Guru selalu mendarmabaktikan tenaga dan pikirannya demi kemajuan pendidikan, dan mereka juga ikhlas dalam melakukannya. Guru juga tidak menuntut balas jasa, karena pekerjaan itu bukan bisnis yang harus ada kalkulasi untung dan rugi. Tapi yang dituntut ole guru cuma satu, yakni keadilan akan haknya sebagai warga negara, sebagai pegawai, dan sebagai pemangku profesi yang sangat mulia dan berat sekali tanggung jawabnya. Oleh karena itu, dalam sejarah pendidikan, tentu seorang gurulah yang paling awal muncul, baru kemudian murid dan infrastruktur lain yang terkait dengan paradigma pengelolaannya. Setelah terciptanya pendidikan, baru kemudian berkembang kurikulum yang berkaitan dengan manajemen lembaga pendidikan, seperti bangunan sekolah, kepala sekolah, karyawan, dan sebagainya.
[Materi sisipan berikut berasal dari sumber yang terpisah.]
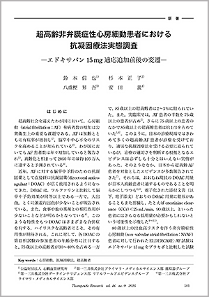 超高齢非弁膜症性心房細動患者における抗凝固療法実態調査―エドキサバン15mg適応追加前後の変遷―(2025年9月号)

Profesi merupakan panggilan hidup dan di dalamnya terdapat keahlian. Apapun kriteria yang  lainnya diperlukan untuk memperkuat kriteria itu. Kriteria ‘’panggilan hidup’’ sebenarnya mengacu pada pengabdian; atau yang sekarang dikenal dengan ‘dedikasi’. Sementara kriteria ‘keahlian’ mengacu pada mutu layanan, yakni mutu dedikasi tersebut. Kriteria ‘memiliki teori’, ‘kecakapan diagnostik dan aplikatif’, ‘otonomi’, ‘kode etik’ dan ‘pengenalan keahlian’, semuanya dapat dikatakan kriteria untuk memperkuat keahlian; sedangkan kriteria ‘untuk masyarakat dan klien’ merupakan kriteria untuk memperkuat dan memperjelas dedikasi.
Profesi harus mengakui kewajibannya dalam masyarakat dengan meminta anggotanya memiliki kode etik yang diterima dan dibangunnya. Prinsip profesional menurut Undang-Undang No. 14 Tahun 2005 tentang Guru dan Dosen disebutkan pada pasal 5 ayat 1, yaitu: ‘’Profesi guru dan dosen merupakan bidang pekerjaan khusus yang memerlukan prinsip-prinsip profesional sebagai berikut: Pertama, memiliki bakat, minat, panggilan jiwa dan idealisme. Kedua, memiliki kualifikasi pendidikan dan latar belakang pendidikan sesuai dengan bidang tugasnya. Ketiga, memiliki kompetensi yang diperlukan sesuai dengan bidang tugasnya. Keempat, memiliki kode etik profesi. Kelima, memiliki hak dan kewajiban dalam melaksanakan tugas. Keenam, memperoleh penghasilan yang ditentukan sesuai dengan prestasi kerjanya. Ketujuh, memiliki kesempatan untuk mengembangkan profesinya secara berkelanjutan. Kedelapan, memperoleh perlindungan hukum dalam melaksanakan tugas profesionalnya. Kesembilan, memiliki organisasi profesi yang berbadan hukum.       
Akhirnya mudah-mudahan dengan memahami profesi pendidik maka prinsip-prinsip etika profesi lebih mengedepankan tanggung jawab, keadilan serta otonomi yang akhirnya akan meningkatkan profesionalitas, kreativitas, produktivitas serta kinerja para pendidik dan tenaga kependidikan. *** Semoga ***.